Start of Material provided

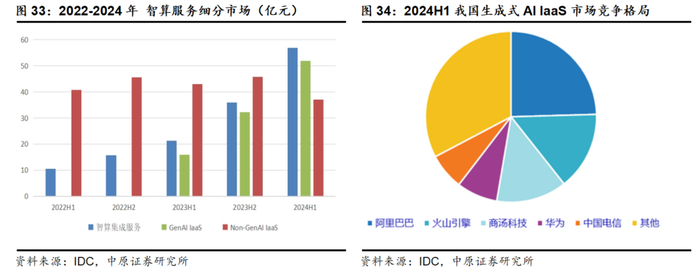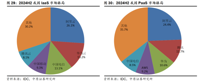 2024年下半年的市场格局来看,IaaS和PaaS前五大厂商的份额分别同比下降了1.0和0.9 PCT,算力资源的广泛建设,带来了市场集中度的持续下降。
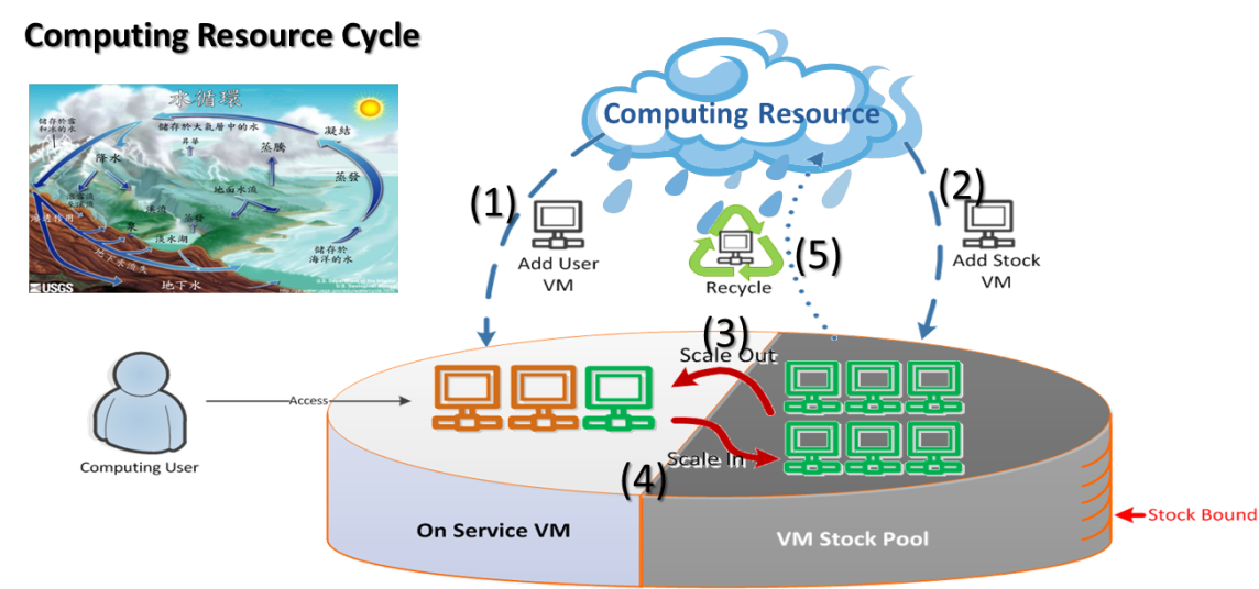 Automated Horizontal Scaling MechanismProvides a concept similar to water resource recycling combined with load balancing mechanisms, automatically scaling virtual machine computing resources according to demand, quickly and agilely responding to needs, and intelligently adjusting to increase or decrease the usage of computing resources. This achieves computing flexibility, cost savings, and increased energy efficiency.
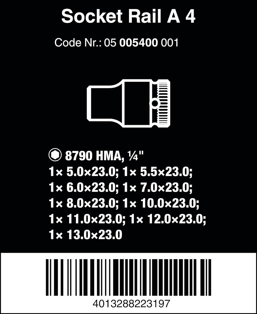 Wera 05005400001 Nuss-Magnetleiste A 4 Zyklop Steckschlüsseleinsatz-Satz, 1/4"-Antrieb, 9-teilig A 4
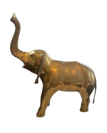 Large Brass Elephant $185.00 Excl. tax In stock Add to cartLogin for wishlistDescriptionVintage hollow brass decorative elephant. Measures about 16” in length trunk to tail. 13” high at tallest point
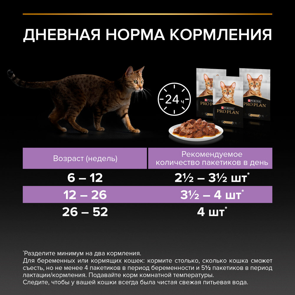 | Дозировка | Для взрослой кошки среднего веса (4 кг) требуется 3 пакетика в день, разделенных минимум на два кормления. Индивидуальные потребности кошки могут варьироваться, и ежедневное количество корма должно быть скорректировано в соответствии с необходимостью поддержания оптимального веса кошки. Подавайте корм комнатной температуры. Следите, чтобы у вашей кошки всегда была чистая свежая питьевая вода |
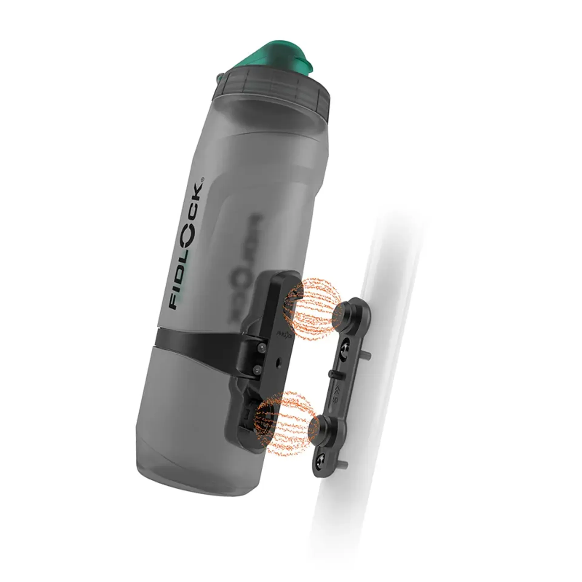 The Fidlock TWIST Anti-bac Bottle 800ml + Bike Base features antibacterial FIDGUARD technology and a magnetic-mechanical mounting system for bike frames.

End of Material provided

What the exercise asks — Print exactly the lines from the first line of the records above through the line containing "питьевая вода |", leaving out the pictures.

Answer space —
 2024年下半年的市场格局来看,IaaS和PaaS前五大厂商的份额分别同比下降了1.0和0.9 PCT,算力资源的广泛建设,带来了市场集中度的持续下降。
 Automated Horizontal Scaling MechanismProvides a concept similar to water resource recycling combined with load balancing mechanisms, automatically scaling virtual machine computing resources according to demand, quickly and agilely responding to needs, and intelligently adjusting to increase or decrease the usage of computing resources. This achieves computing flexibility, cost savings, and increased energy efficiency.
 Wera 05005400001 Nuss-Magnetleiste A 4 Zyklop Steckschlüsseleinsatz-Satz, 1/4"-Antrieb, 9-teilig A 4
 Large Brass Elephant $185.00 Excl. tax In stock Add to cartLogin for wishlistDescriptionVintage hollow brass decorative elephant. Measures about 16” in length trunk to tail. 13” high at tallest point
 | Дозировка | Для взрослой кошки среднего веса (4 кг) требуется 3 пакетика в день, разделенных минимум на два кормления. Индивидуальные потребности кошки могут варьироваться, и ежедневное количество корма должно быть скорректировано в соответствии с необходимостью поддержания оптимального веса кошки. Подавайте корм комнатной температуры. Следите, чтобы у вашей кошки всегда была чистая свежая питьевая вода |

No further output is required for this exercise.